- Work to be completed -
Return each entry below exactly. Skip the images.

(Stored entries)
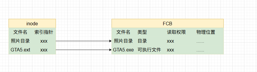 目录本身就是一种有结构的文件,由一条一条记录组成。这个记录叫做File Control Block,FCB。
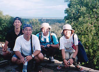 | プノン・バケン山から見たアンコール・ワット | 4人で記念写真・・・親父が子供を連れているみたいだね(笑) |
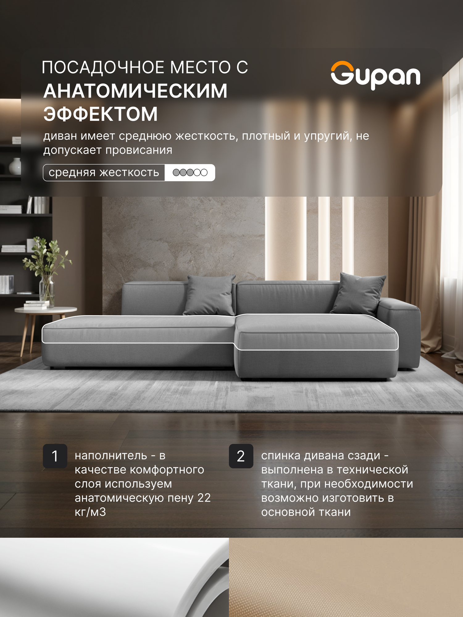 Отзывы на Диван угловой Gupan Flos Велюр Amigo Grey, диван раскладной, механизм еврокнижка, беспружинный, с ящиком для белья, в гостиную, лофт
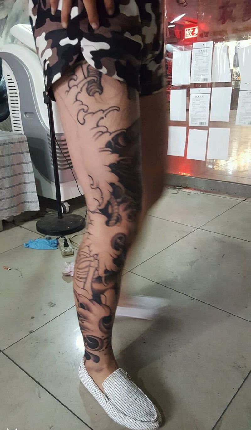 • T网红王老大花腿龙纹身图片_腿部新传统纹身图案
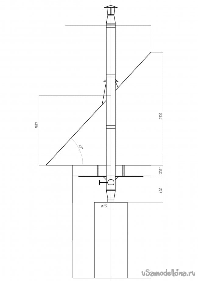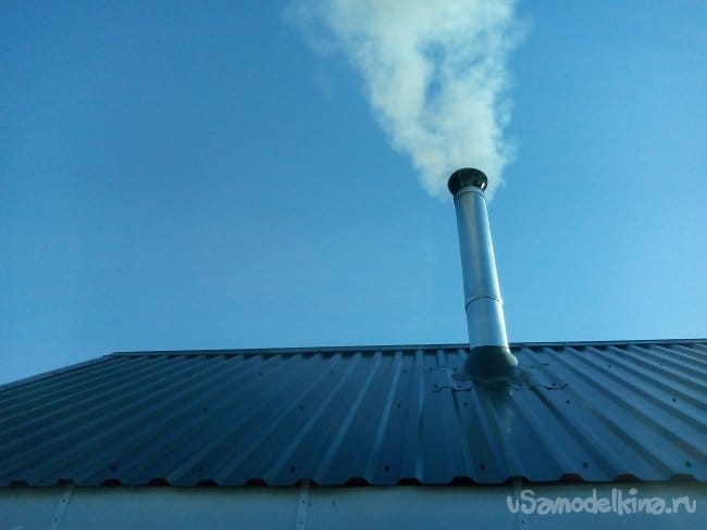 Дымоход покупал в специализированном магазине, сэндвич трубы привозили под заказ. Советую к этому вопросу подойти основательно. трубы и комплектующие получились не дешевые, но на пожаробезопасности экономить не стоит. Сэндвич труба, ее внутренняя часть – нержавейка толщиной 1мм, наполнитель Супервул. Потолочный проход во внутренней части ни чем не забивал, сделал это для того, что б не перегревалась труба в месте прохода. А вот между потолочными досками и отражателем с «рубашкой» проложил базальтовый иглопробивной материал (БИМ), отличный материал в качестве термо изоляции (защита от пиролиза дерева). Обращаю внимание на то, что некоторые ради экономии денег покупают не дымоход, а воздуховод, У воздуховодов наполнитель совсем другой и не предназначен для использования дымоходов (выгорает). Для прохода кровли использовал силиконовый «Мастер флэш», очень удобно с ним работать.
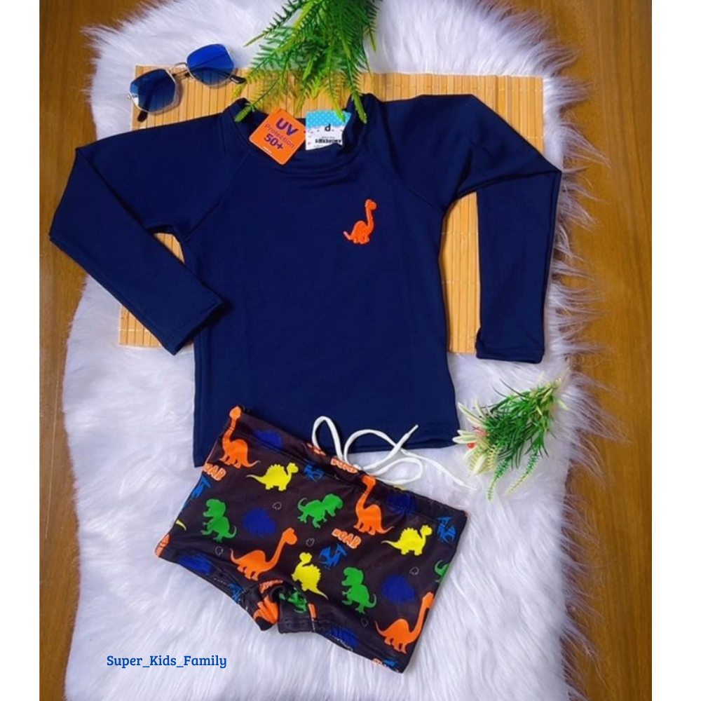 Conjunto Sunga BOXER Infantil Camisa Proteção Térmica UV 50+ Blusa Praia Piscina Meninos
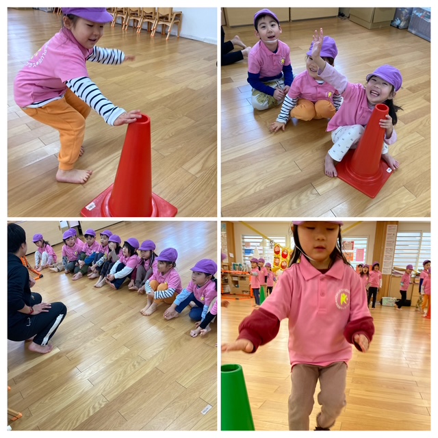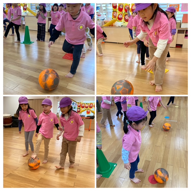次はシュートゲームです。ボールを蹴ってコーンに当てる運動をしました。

- Output of the task -
 目录本身就是一种有结构的文件,由一条一条记录组成。这个记录叫做File Control Block,FCB。
 | プノン・バケン山から見たアンコール・ワット | 4人で記念写真・・・親父が子供を連れているみたいだね(笑) |
 Отзывы на Диван угловой Gupan Flos Велюр Amigo Grey, диван раскладной, механизм еврокнижка, беспружинный, с ящиком для белья, в гостиную, лофт
 • T网红王老大花腿龙纹身图片_腿部新传统纹身图案
 Дымоход покупал в специализированном магазине, сэндвич трубы привозили под заказ. Советую к этому вопросу подойти основательно. трубы и комплектующие получились не дешевые, но на пожаробезопасности экономить не стоит. Сэндвич труба, ее внутренняя часть – нержавейка толщиной 1мм, наполнитель Супервул. Потолочный проход во внутренней части ни чем не забивал, сделал это для того, что б не перегревалась труба в месте прохода. А вот между потолочными досками и отражателем с «рубашкой» проложил базальтовый иглопробивной материал (БИМ), отличный материал в качестве термо изоляции (защита от пиролиза дерева). Обращаю внимание на то, что некоторые ради экономии денег покупают не дымоход, а воздуховод, У воздуховодов наполнитель совсем другой и не предназначен для использования дымоходов (выгорает). Для прохода кровли использовал силиконовый «Мастер флэш», очень удобно с ним работать.
 Conjunto Sunga BOXER Infantil Camisa Proteção Térmica UV 50+ Blusa Praia Piscina Meninos
次はシュートゲームです。ボールを蹴ってコーンに当てる運動をしました。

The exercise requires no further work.